→ Source data:
= Beginning of Section =

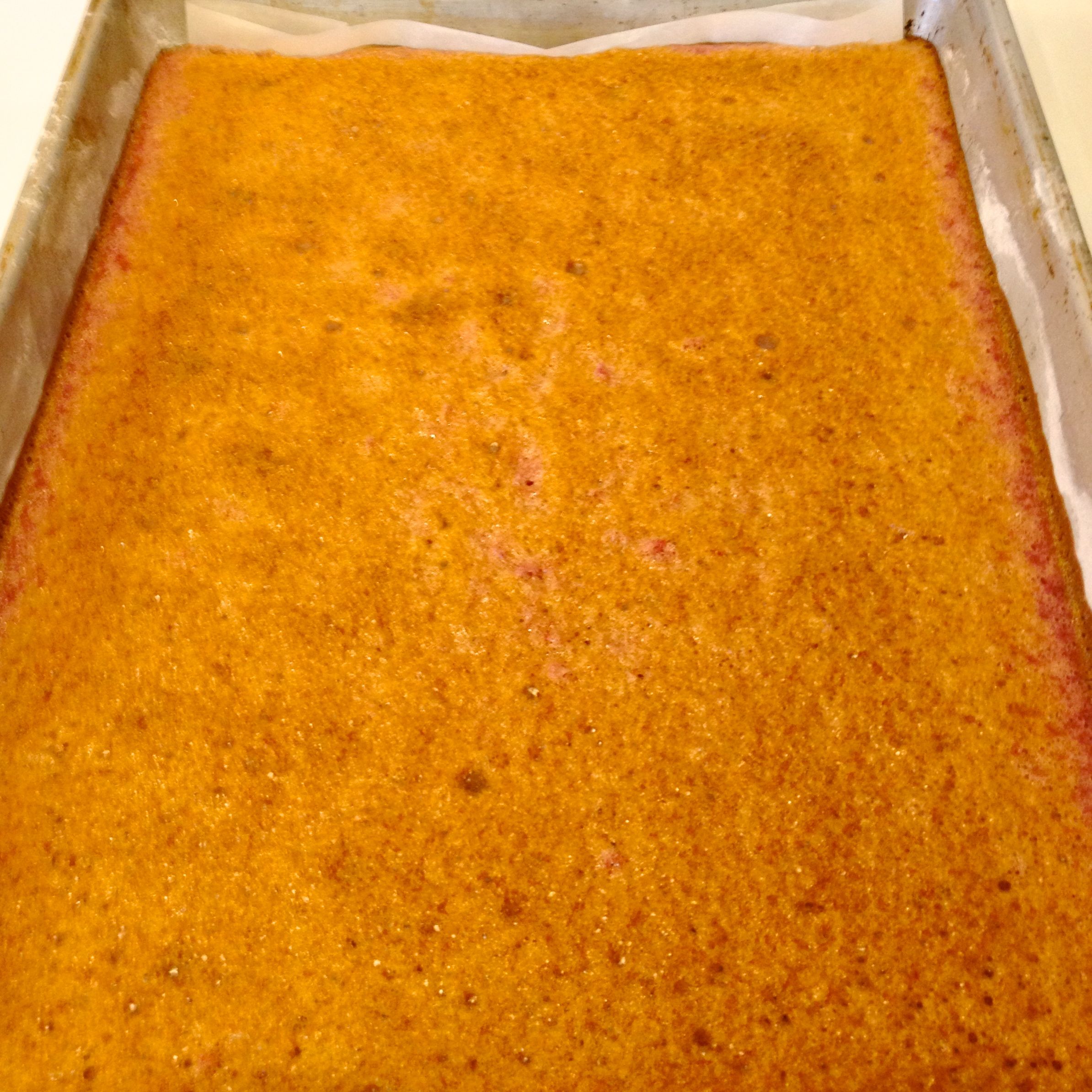 After baking for a couple of minutes, to show the butter throughout.  Also shows the parchment at the ends of the pan.
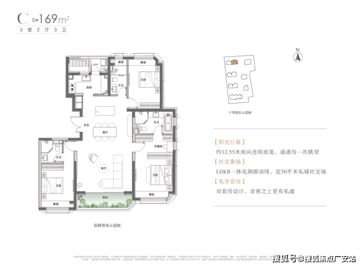 目前开放的是建面约101㎡3房和约169㎡3房两个样板间,直接来看101㎡现场实拍。
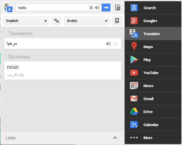 و في أسفل القائمة هناك لتوسيع الروابط Links and Search Filters والذي يتضمن وصلات خارجية جوجل، محلي، صفحات، صور، ألعاب، وأكثر من ذلك.
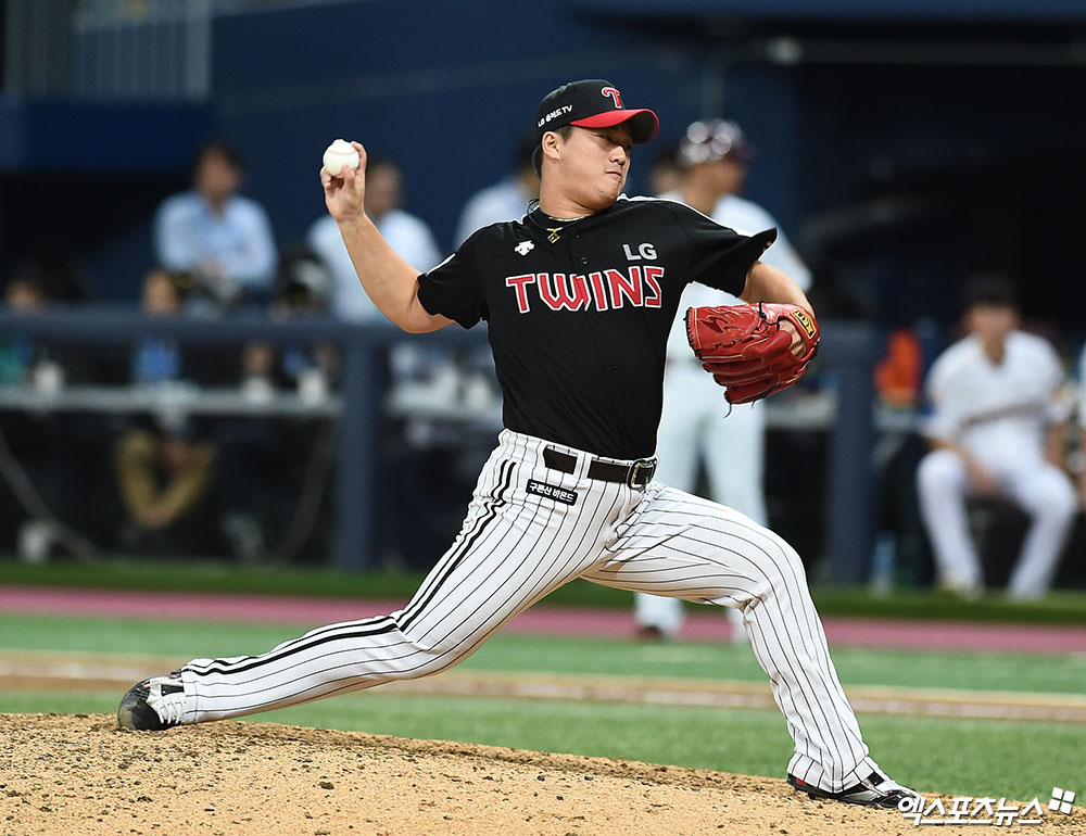 [엑스포츠뉴스 고척, 박지영 기자] 7일 오후 서울 구로구 고척스카이돔에서 열린 '2019 신한은행 MY CAR KBO 포스트시즌' LG 트윈스와 키움 히어로즈의 준플레이오프 2차전 경기, 9회말 무사 LG 고우석이 역투하고 있다.
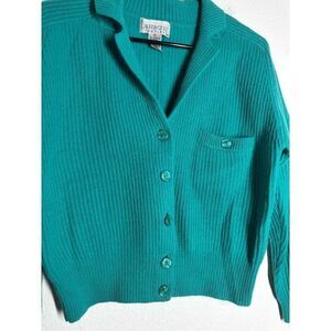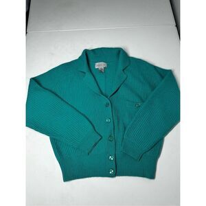 Lauren Cole Angora Lambwool Blend Collared Buttoned Green Cardigan Size P (S)

= End of Section =

Your answer must be the records above, word for word, with every picture left out.

→ Written reply:
 After baking for a couple of minutes, to show the butter throughout.  Also shows the parchment at the ends of the pan.
 目前开放的是建面约101㎡3房和约169㎡3房两个样板间,直接来看101㎡现场实拍。
 و في أسفل القائمة هناك لتوسيع الروابط Links and Search Filters والذي يتضمن وصلات خارجية جوجل، محلي، صفحات، صور، ألعاب، وأكثر من ذلك.
 [엑스포츠뉴스 고척, 박지영 기자] 7일 오후 서울 구로구 고척스카이돔에서 열린 '2019 신한은행 MY CAR KBO 포스트시즌' LG 트윈스와 키움 히어로즈의 준플레이오프 2차전 경기, 9회말 무사 LG 고우석이 역투하고 있다.
 Lauren Cole Angora Lambwool Blend Collared Buttoned Green Cardigan Size P (S)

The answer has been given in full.